Investigation of the Magnetosphere of Ganymede with Galileo's Energetic Particle Detector
Ph.D. dissertation by Shawn M. Stone, University of Kansas,
1999.
Copyright 1999 by Shawn M. Stone. Used with permission.
Chapter 3. Instrument Characteristics and Coordinate Systems
The first charged particle detectors flown into space were simple Geiger counters [Van Allen, 1958] that counted the presence of particle radiation from all directions. They were not capable of distinguishing between species or energy of the impacting particles. After much development over the years, particle detectors are now able to detect and distinguish particles of many species and energies. Also, when mounted on spinning spacecraft platforms, sensors are able to measure the direction of the radiation over a wide range of angles. Galileo is a spacecraft that incorporates the best of these designs.

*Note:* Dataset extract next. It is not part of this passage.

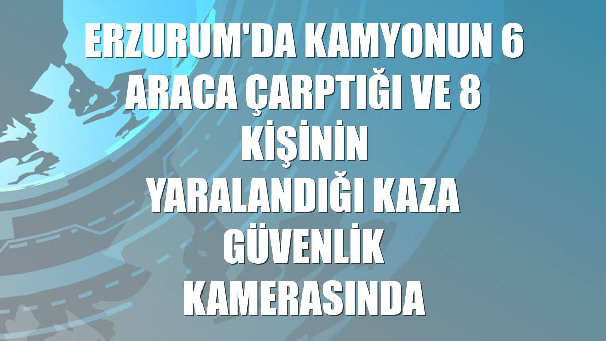 Erzurum (AA) - Erzurum'da iki gün önce kargo firmasına ait kamyonun 6 araca çarpması sonucu biri ağır 8 kişinin yaralandığı kaza anı güvenlik kamerasınca kaydedildi.

The Galileo spacecraft, shown in Figure 3.1, has 10 scientific instruments on board [Johnson et al., 1992] distributed over two sections, a spun and a despun section. Instruments that need to be stationary, such as the near-infrared mapping spectrometer and solid-state imaging camera, reside on the despun section. The instruments that sample particles and fields are mounted on the spun section, which makes a complete revolution about every 20 s. The two instruments that are integral to this work are the magnetometer [Kivelson et al., 1992] and the Energetic Particle Detector or EPD instrument, which is discussed below in detail. In this chapter, along with the instrumentation, is a discussion of the important coordinate systems and transformations used throughout this work.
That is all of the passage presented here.